Nur drei Beispiele von vielen möglichen, die weit über das Alltägliche hinausgehen. Sie ließen sich beliebig erweitern:

•Während ich diese Sätze schreibe, lese ich, dass vor zwei Tagen ein 27-jähriger Mann in Südtirol mit seinem Sportwagen in eine Gruppe junger Skiläufer gerast ist. Er war betrunken. Sieben junge Menschen zwischen 22 und 25 Jahren starben. Andere schweben derzeit noch in Lebensgefahr.
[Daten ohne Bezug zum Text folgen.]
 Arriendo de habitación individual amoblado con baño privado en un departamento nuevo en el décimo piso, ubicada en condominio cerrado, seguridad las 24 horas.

Was gäbe dieser Mann darum, wenn er nicht der inneren Stimme seines Gegenspielers gefolgt wäre, die ihn dazu verführte, sich betrunken ans Steuer zu setzen?
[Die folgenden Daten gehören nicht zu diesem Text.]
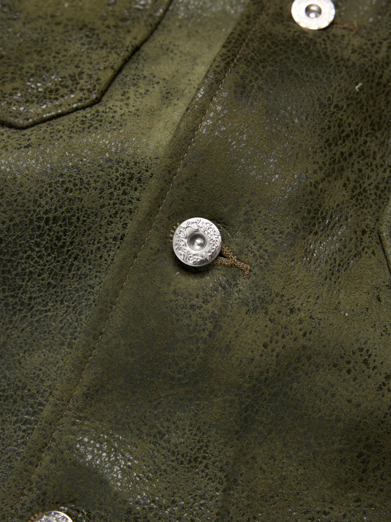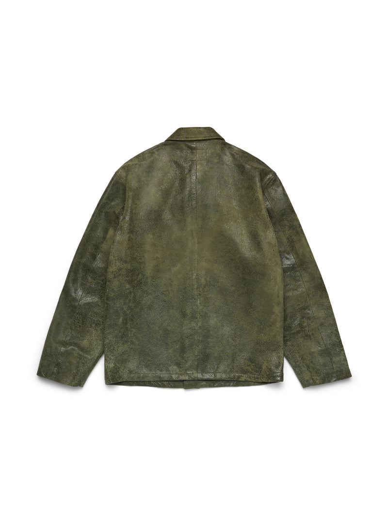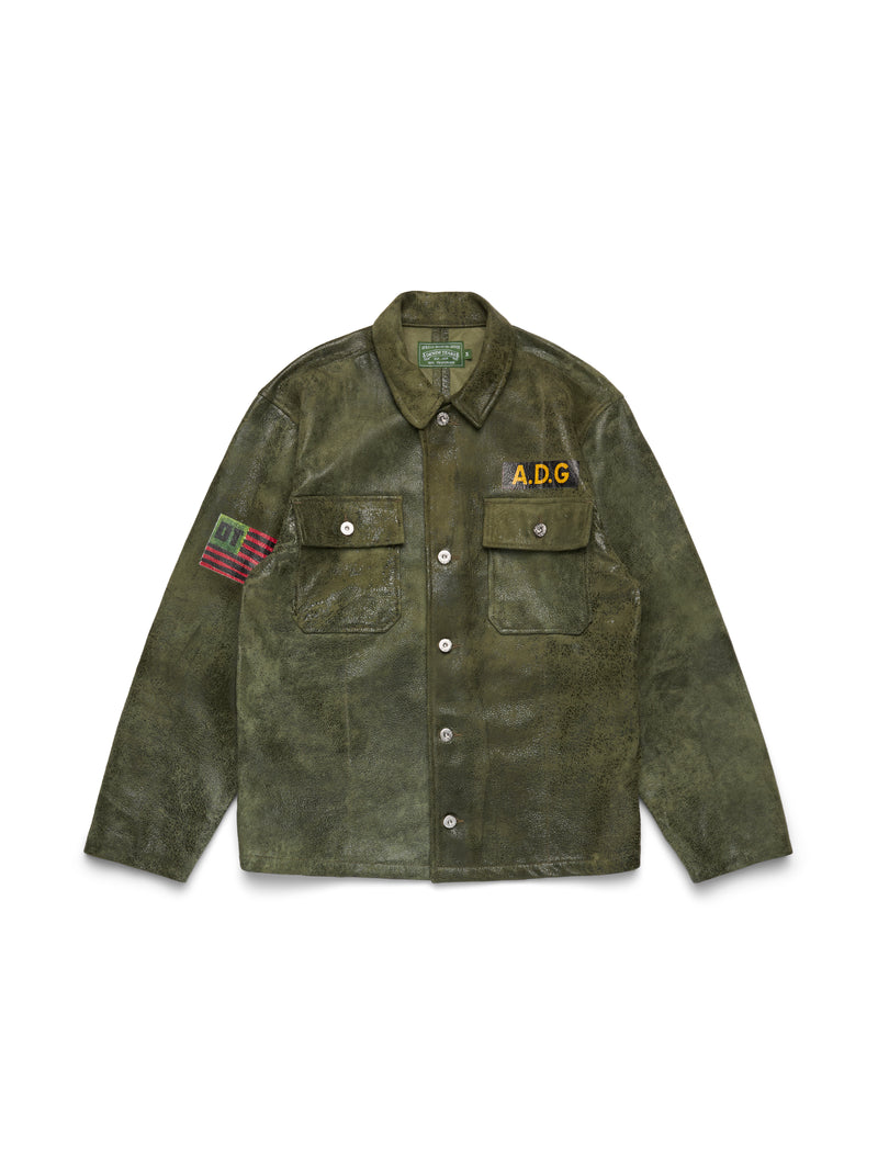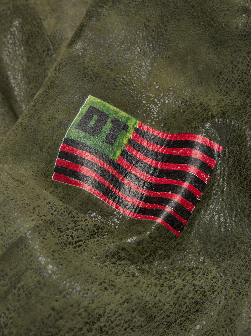 Produced in Vintage Green distressed cow leather and cut to a regular fit, our Leather Jungle Shirt features screenprinted African Diaspora Goods and DT Pan-African American flag patches on the chest and arm.

•Akte des Gegenspielers sind meines Erachtens auch die laschen Bemühungen von Politikern, dem immer deutlicher werdenden Klimawandel konstruktiv zu begegnen. Es musste erst ein Kind kommen, um die »Großen« auf ihre Pflichten aufmerksam zu machen. Was hat das mit dem Gegenspieler zu tun? Er »sorgt« dafür, dass die Vernunft das innere Brennen für unseren wunderbaren Planeten niederhält.
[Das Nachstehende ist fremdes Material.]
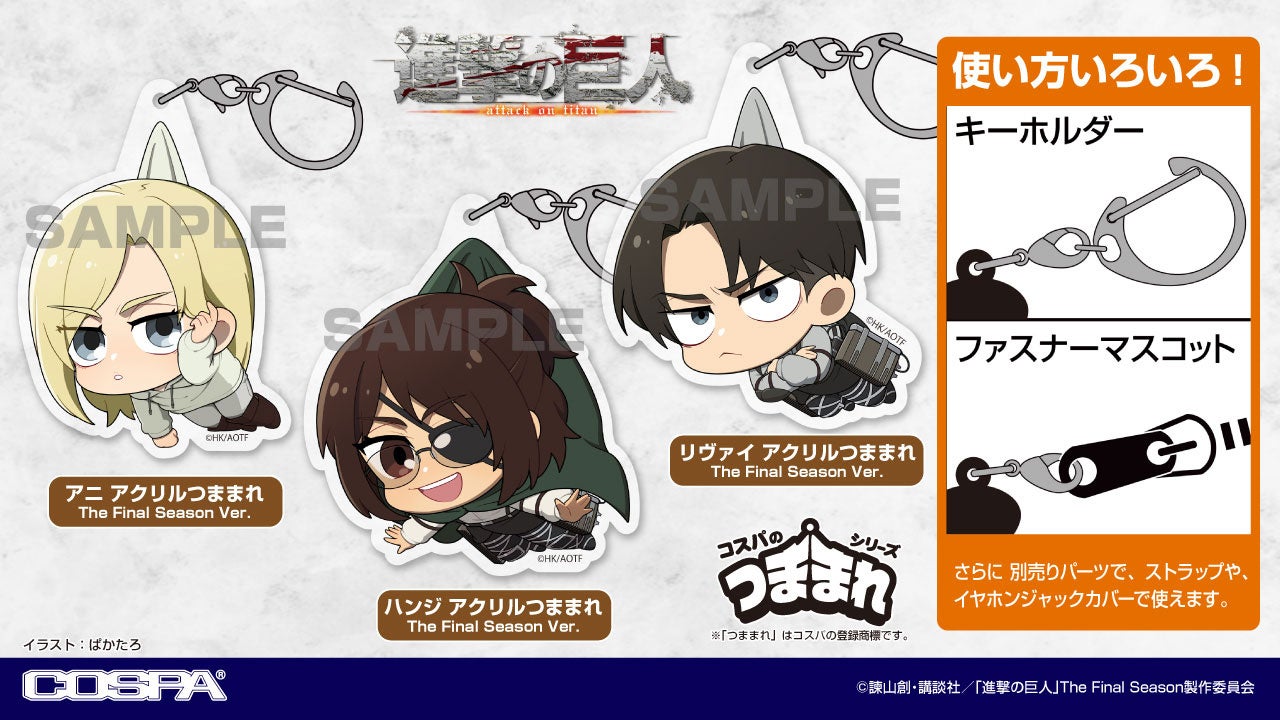 公式キャラクターコスチュームやアパレル・グッズの企画、開発、製造を行う株式会社コスパ(所在地:東京都渋谷区、代表取締役:松永芳幸)は、『進撃の巨人』新グッズを発表した。

•Nicht verdeckt, sondern brutal offen zeigt sich der Gegenspieler in Kriegen, so zum Beispiel in Traumatisierungen von Soldaten, die aus Afghanistan zurückkehren und an »posttraumatischen Belastungsstörungen« leiden. Einen erschütternden Brief leitete eine Zeitung an mich weiter mit der Bitte, der 30-jährigen Frau S. behilflich zu sein. Der Brief spiegelt in einem Einzelfall wider, was Kriege im Allgemeinen und immer wieder im Besonderen anrichten. Frau S. schrieb:

»Unser Leben hat sich verändert, und ich weiß nicht, wie es weitergehen soll. Vor drei Jahren haben wir geheiratet. Mein Mann ist 29 Jahre alt und Soldat bei der (deutschen) Bundeswehr. Ich weiß, dass sein Beruf sehr gefährlich sein kann. Vor einem Jahr kam er nach Hause und sagte, er wolle nach Afghanistan, um dort seine Pflicht zu tun und den Menschen zu helfen. Und er zitierte den früheren Verteidigungsminister, der gesagt hatte, dass unsere Sicherheit auch am Hindukusch verteidigt werde.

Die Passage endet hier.